Work request:
Every line of the records below from the line with "Talment com s’ha" up to and including the line with "48 млрд рублей." must be reproduced exactly, and no line outside that range.

Task inputs:

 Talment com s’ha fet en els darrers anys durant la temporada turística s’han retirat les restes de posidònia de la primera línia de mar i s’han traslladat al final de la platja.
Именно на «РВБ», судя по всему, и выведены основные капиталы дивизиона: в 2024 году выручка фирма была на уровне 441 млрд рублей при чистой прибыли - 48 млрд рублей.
* * *
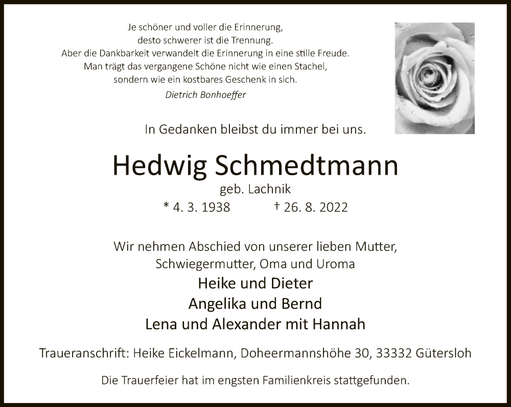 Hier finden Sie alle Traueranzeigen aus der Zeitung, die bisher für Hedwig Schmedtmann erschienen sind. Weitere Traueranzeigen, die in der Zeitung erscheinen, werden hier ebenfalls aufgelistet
...
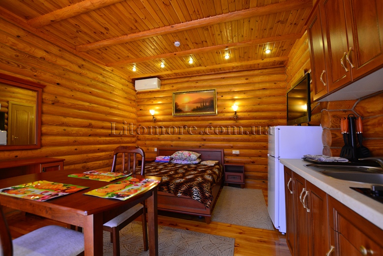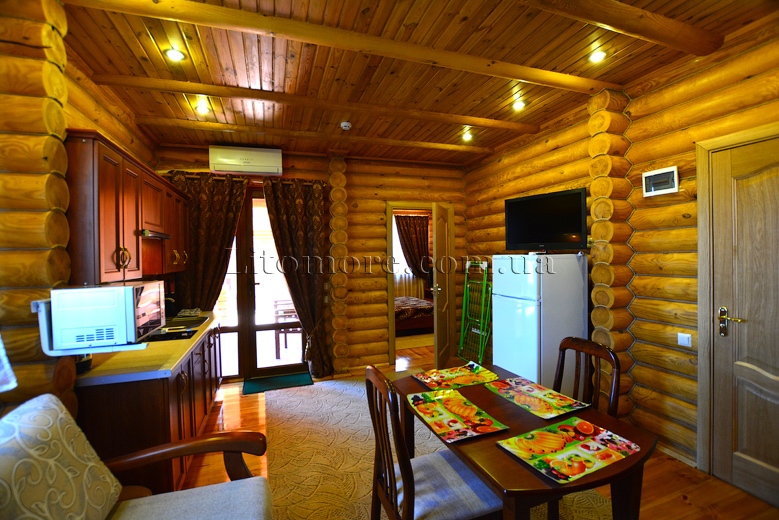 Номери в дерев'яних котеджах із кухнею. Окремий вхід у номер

Result of the exercise:
 Talment com s’ha fet en els darrers anys durant la temporada turística s’han retirat les restes de posidònia de la primera línia de mar i s’han traslladat al final de la platja.
Именно на «РВБ», судя по всему, и выведены основные капиталы дивизиона: в 2024 году выручка фирма была на уровне 441 млрд рублей при чистой прибыли - 48 млрд рублей.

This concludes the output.